To model pH dependent scales correctly, it is necessary to integrate PVT calculations with the aqueous phase thermodynamic mineral scaling calculations. This has been extensively discussed in previous publications by the authors. For this work, a commercial integrated PVT and scale prediction software package was used to determine the scale prediction profile from reservoir to the first stage of topside separation. In addition, to investigate the impact of PVT on the final results, a second PVT software employing a different equation of state (EOS) is used and the results obtained from this calculations are coupled with the same aqueous phase model using the Heriot-Watt scale prediction workflow.
The well selected for this study shows productivity issues as well as signs of presence of calcium carbonate scale. However, scale prediction calculations carried out in the past did not show any potential for carbonate scale formation at the given conditions. After rigorously accounting for variations in water cut over time, as well as for increased H2S due to reservoir souring, our work clearly shows a correlation between a gradual loss of well productivity and carbonate scaling potential.

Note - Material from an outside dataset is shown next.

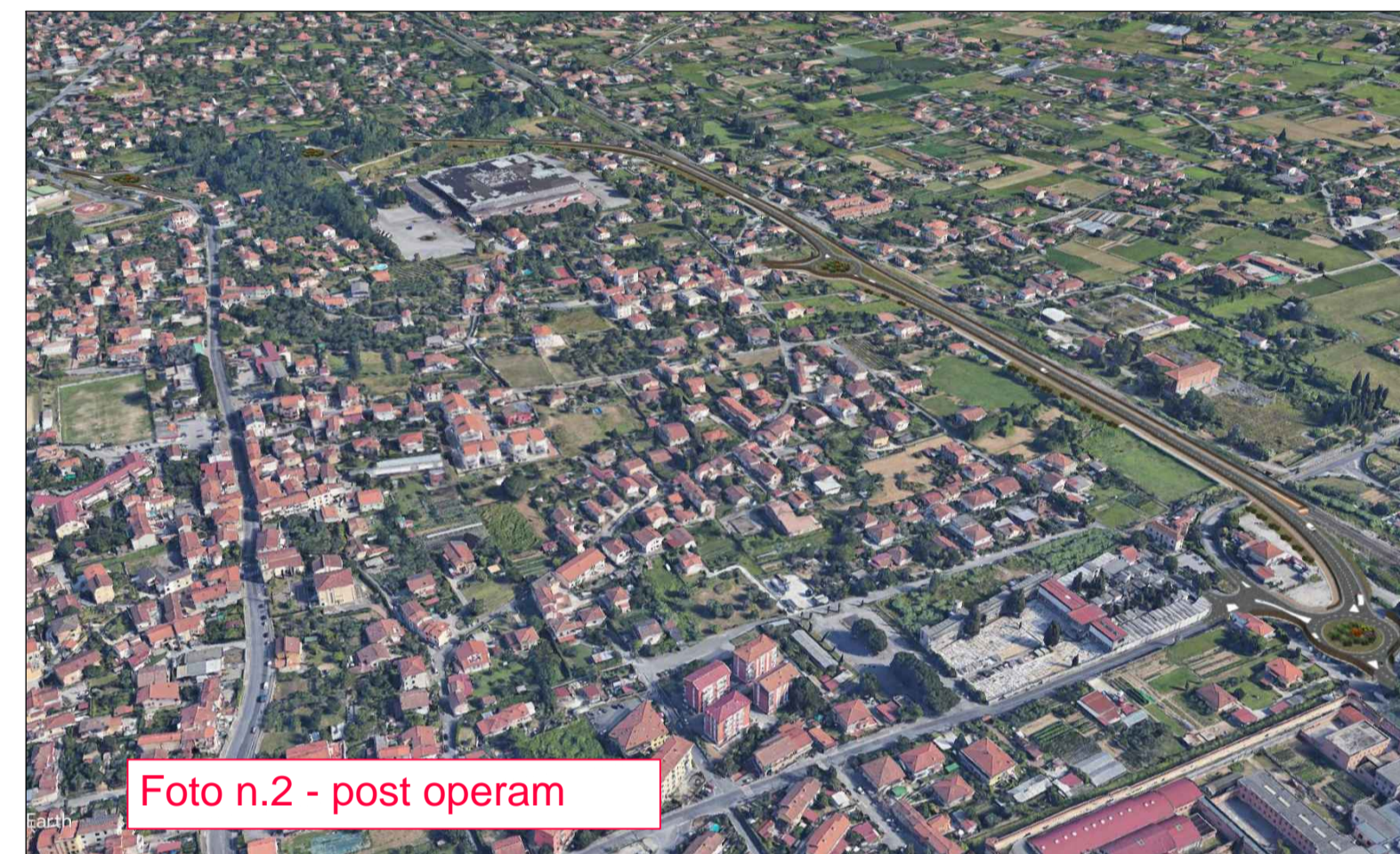
Foto n.2 - post operam

This work clearly demonstrates the impact of H2S on calcium carbonate scaling potential and highlights the importance of correctly modelling CO2 and H2S partitioning in gas/oil/water at the different stages of production, from reservoir to topside separation. Following this study, it has also been possible to offer specific well treatment and testing recommendations to verify the results and try to obtain improvements in production efficiency.
Moreover, the application of our approach to a real field scenario shows how some field findings associated with carbonate scale problems can be explained only by correctly modelling the full three phase system (oil, gas and water). Some aspects of this approach are frequently overlooked and not linked correctly to carbonate scale formation.